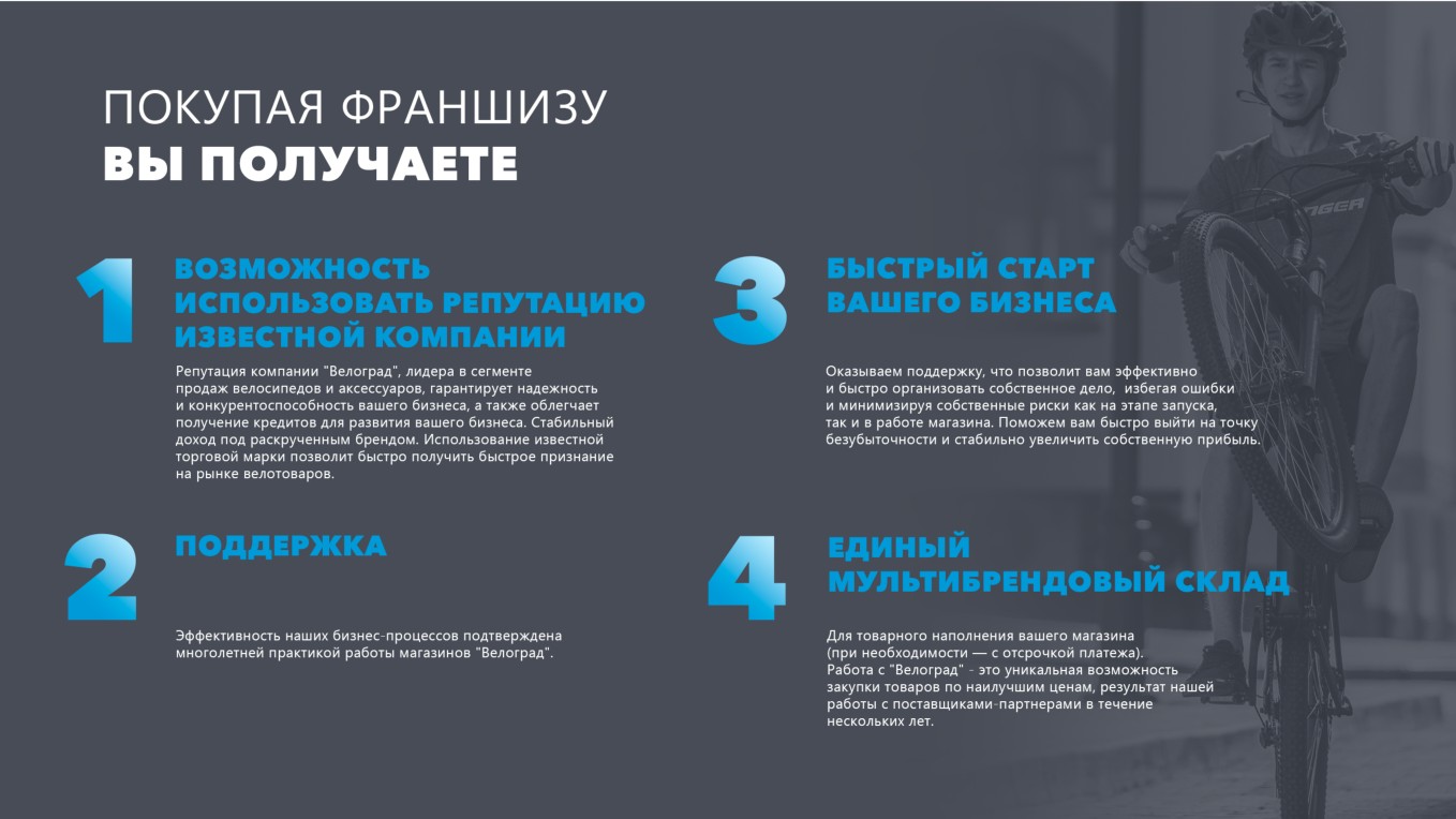 Открыв франшизу магазина велосипедов, вы получаете возможность развивать успешный бизнес в растущей индустрии спортивного оборудования.
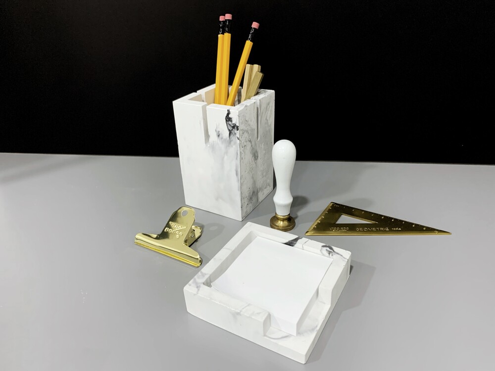 A. 마블 패턴 제품들의 경우 시트지 혹은 인쇄된 재질이 아닌, 제작 단계에서부터 원재료와 안료를 배합하는 방식으로 제작됩니다. 숙련된 전문가의 손길에 의해 핸드메이드로 제작되는 방식으로 오랫동안 사용하셔도 변형되지 않습니다.
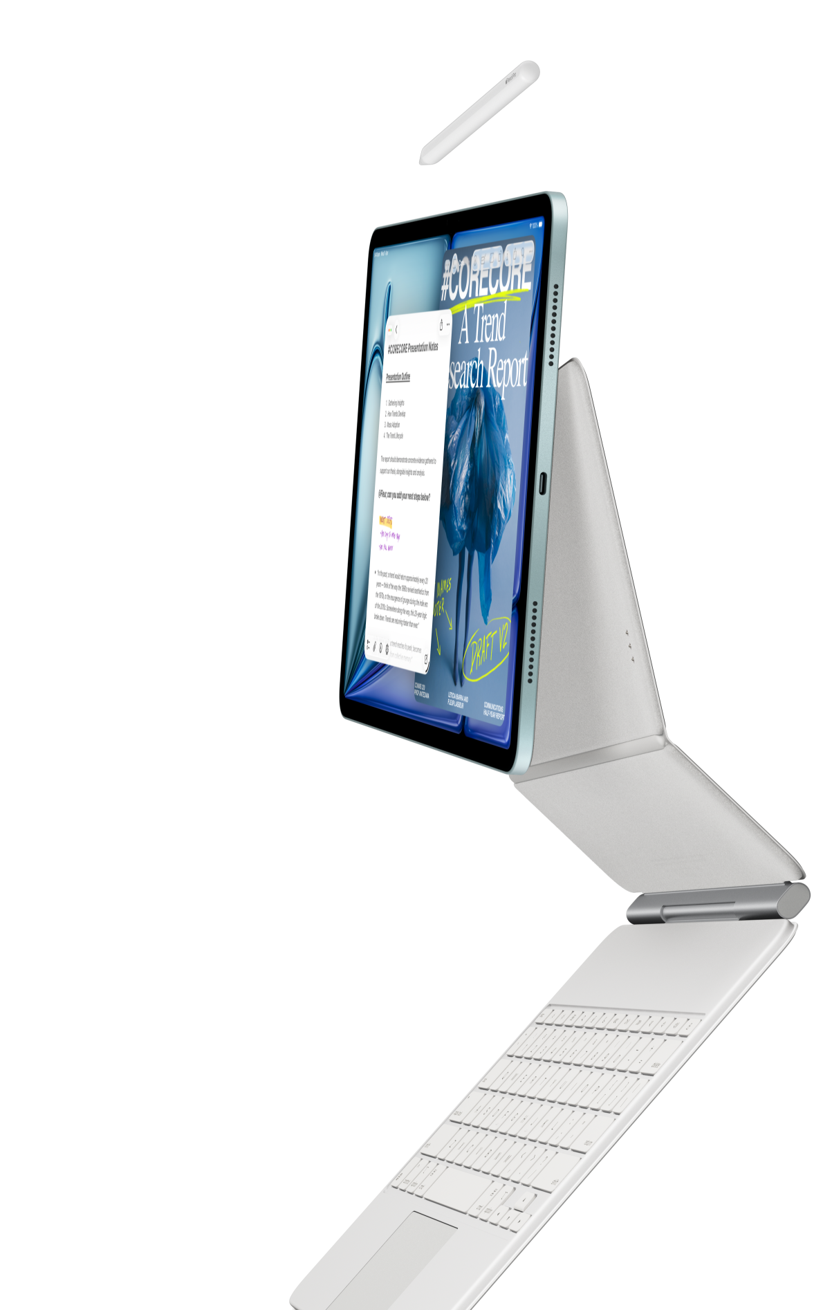 iPad Air attached to Magic Keyboard for iPad Air and Apple Pencil Pro
______________________________
• _What you are asked to do_
Where the line containing "A. 마블 패턴 제품들의" appears in the data above, begin there and output every line through the last, exactly and without pictures.

• _Answer space_
 A. 마블 패턴 제품들의 경우 시트지 혹은 인쇄된 재질이 아닌, 제작 단계에서부터 원재료와 안료를 배합하는 방식으로 제작됩니다. 숙련된 전문가의 손길에 의해 핸드메이드로 제작되는 방식으로 오랫동안 사용하셔도 변형되지 않습니다.
 iPad Air attached to Magic Keyboard for iPad Air and Apple Pencil Pro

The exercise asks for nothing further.